Jason Grace struck me as many things, but he wasn’t a cheater. Would he want you to rend the heavens and the earth and the Underworld to bring him back?’

Her eyes flashed angrily. ‘You don’t care because you’re a god. You’ll go back to Olympus after you free the Oracles, so what does it matter? You’re using us to get what you want, like all the other gods.’

‘Hey,’ Meg said, gently but firmly. ‘That won’t help.’

Piper pressed a hand on Jason’s chest. ‘What did he die for, Apollo? A pair of shoes?’

A jolt of panic almost blew out my chest plug. I’d entirely forgotten about the shoes. I tugged the quiver from my back and turned it upside down, shaking out the arrows.

The rolled-up sandals of Caligula tumbled onto the beach.

‘They’re here.’ I scooped them up, my hands trembling. ‘At least – at least we have them.’

Piper let out a broken sob. She stroked Jason’s hair. ‘Yeah, yeah, that’s great. You can go see your Oracle now. The Oracle that got him KILLED!’ Somewhere behind me, partway up the cliff, a man’s voice cried out,


Tempest fled, bursting into wind and raindrops.

Hurrying down the cliffside stairs, in plaid pyjama pants and a white T-shirt, came Tristan McLean.

Of course, I realized. Tempest had brought us to the McLean house in Malibu. Somehow, he had known to come here. Piper’s father must have heard her cries all the way from the top of the cliff.
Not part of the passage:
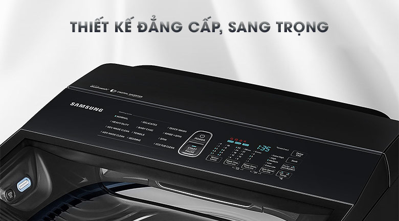 Máy giặt Samsung Inverter 18 kg WA18M8700GV/SV có thiết kế khá ấn tượng, màu đen toát lên vẻ sang trọng lịch lãm. Chiếc máy giặt này sẽ làm cho căn phòng của bạn thêm hiện đại.

He ran towards us, his flip-flops slapping against his soles, sand spraying around the cuffs of his pants, his shirt rippling in the wind. His dark dishevelled hair blew in his eyes, but it did not hide his look of alarm.

‘Piper, I was waiting for you!’ he called. ‘I was on the terrace and –’

He froze, first seeing his daughter’s brutalized face, then the body lying on the sand.

‘Oh, no, no.’ He rushed to Piper. ‘What – what is –? Who –?’

Having assured himself that Piper was not in imminent danger of dying, he knelt next to Jason and put his hand against the boy’s neck, checking for a pulse. He put his ear to Jason’s mouth, checking for breath. Of course, he found none.

He looked at us in dismay. He did a double take when he noticed Crest crouched nearby, his massive white ears spread around him.

I could almost feel the Mist swirling around Tristan McLean as he attempted to decipher what he was seeing, trying to put it into a context his mortal brain could understand.

‘Surfing accident?’ he ventured. ‘Oh, Piper, you know those rocks are dangerous. Why didn’t you tell me –? How did –? Never mind. Never mind.’ With shaking hands, he dug his phone from the pocket of his pyjama pants and dialed 9-1-1.

The phone squealed and hissed.

‘My phone isn’t – I – I don’t understand.’

Piper broke down in sobs, pressing herself to her father’s chest.

At that moment, Tristan McLean should have broken once and for all. His life had fallen apart. He’d lost everything he’d worked for his entire career. Now, finding his daughter injured and her former boyfriend dead on the beach of his foreclosed property – surely, that was enough to make anyone’s sanity crumble. Caligula would have another reason to celebrate a good night of sadistic work.

Instead, human resilience surprised me once again. Tristan McLean’s expression turned steely. His focus cleared. He must have realized his daughter needed him and he couldn’t afford to indulge in self-pity. He had one important role left to play: the role of her father.

‘Okay, baby,’ he said, cradling her head. ‘Okay, we’ll – we’ll figure this out. We’ll get through it.’

He turned and pointed at Crest, still lurking near the cliff. ‘You.’ Crest hissed at him like a cat.

Mr McLean blinked, his mind doing a hard reset.

He pointed at me. ‘You. Take the others up to the house. I’m going to stay with Piper. Use the landline in the kitchen. Call nine-one-one. Tell them …’ He looked at Jason’s broken body. ‘Tell them to get here right away.’

Piper looked up, her eyes swollen and red. ‘And, Apollo? Don’t come back. You hear me? Just – just go.’

‘Pipes,’ her father said. ‘It’s not their –’ ‘GO!’ she screamed.

As we made our way up the rickety stairs, I wasn’t sure which felt heavier: my exhausted body, or the cannonball of grief and guilt that had settled in my chest. All the way to the house, I heard Piper’s sobs echoing off the dark cliffs.